So I was sitting in a meeting in the basement of the Pentagon thinking, “Gee, this is kinda cool. I’m in the basement of the Pentagon.”
And then the meeting began.
And before I get two slides in, the barrage of questions begin, from a variety of older dumpy looking security people:
* In what way does your software integrate with ACF2 on the mainframe. Does it use SAF or SRF?
At this point, a thin trickle of sweat has begun to form over my brow.
* So, can you integrate ACF2 with NIS+ as the authentication agent?
At this point, my stomach is starting to churn.
You get the idea… they were asking nasty gruesome nitpicky questions…
and then…
… the whopper of all phrases was uttered. This is a direct quote. “If E*Trade’s system get hacked, the worst thing that happens is that a few grandmothers starve. If our systems get hacked, we die, WE ALL DIE.” The following was said with a straight face. At this point, I was ready to tunnel my way to freedom using nothing but my ballpoint pen and my bare hands.
I love my job!
Hi gang –
Well, winter is upon us. Turkey Day has arrived.
I hate traveling home for Turkey Day and so will be in DC. Dave at Toledo, has promised a Wild Turkey special on Wednesday for us lame-o’s that are sticking around. (So if you are in DC this weekend let me know.)

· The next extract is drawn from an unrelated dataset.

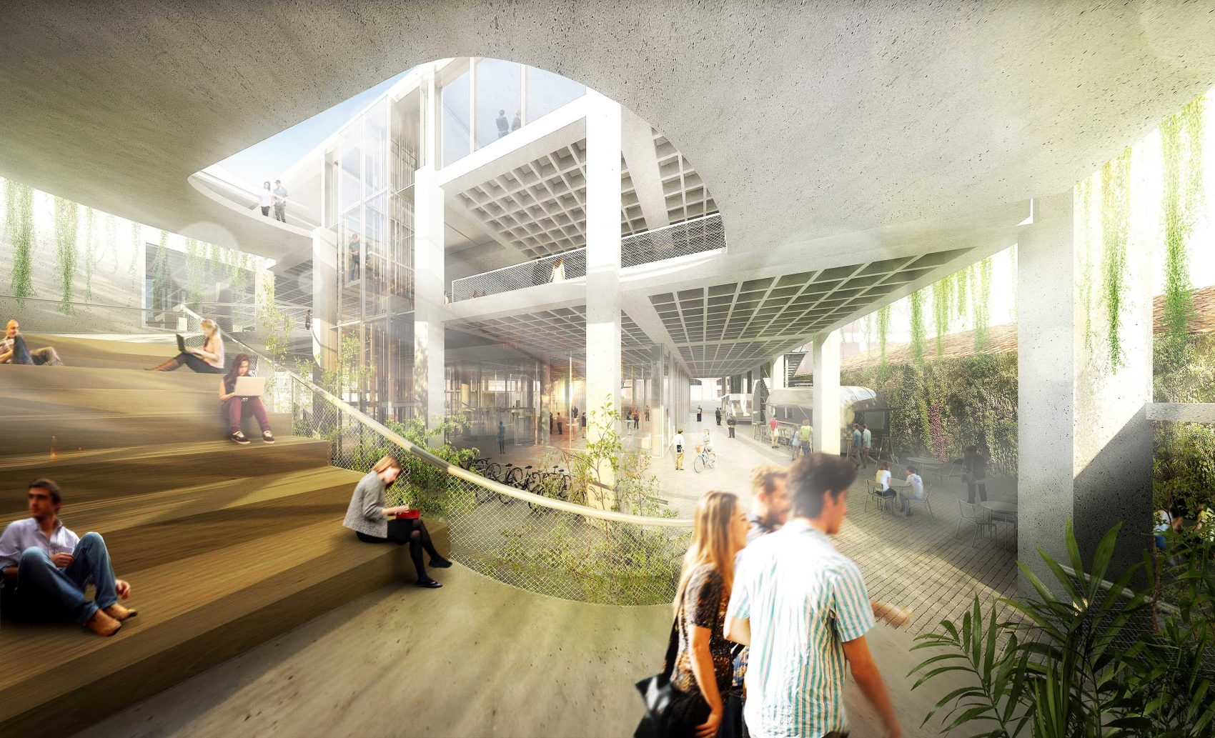 We will occupy the building as it occupies public spaces, prolonging artificially the city inside the building, with clearly define the play ground and community spaces. The building is treated as a public space. The city continues inside the walls to allow a permeable and flexible urban space. The spaces for the Playground offices, co-working and campus are clearly defined to allow the plan to function in an organized and effective manner.

A really strange thing happened Saturday night. I reaffirmed the fact that Tom Tom Club is a horrid place to go… well, that’s not that strange; we all knew it. What was odd what the Bad Season’s reenactment that occurred there. No, it wasn’t that everyone’s ex’s showed up there. What was strange was seeing a few of my friends talking to women who had the same names as their ex’s. It just seemed a bit odd to me.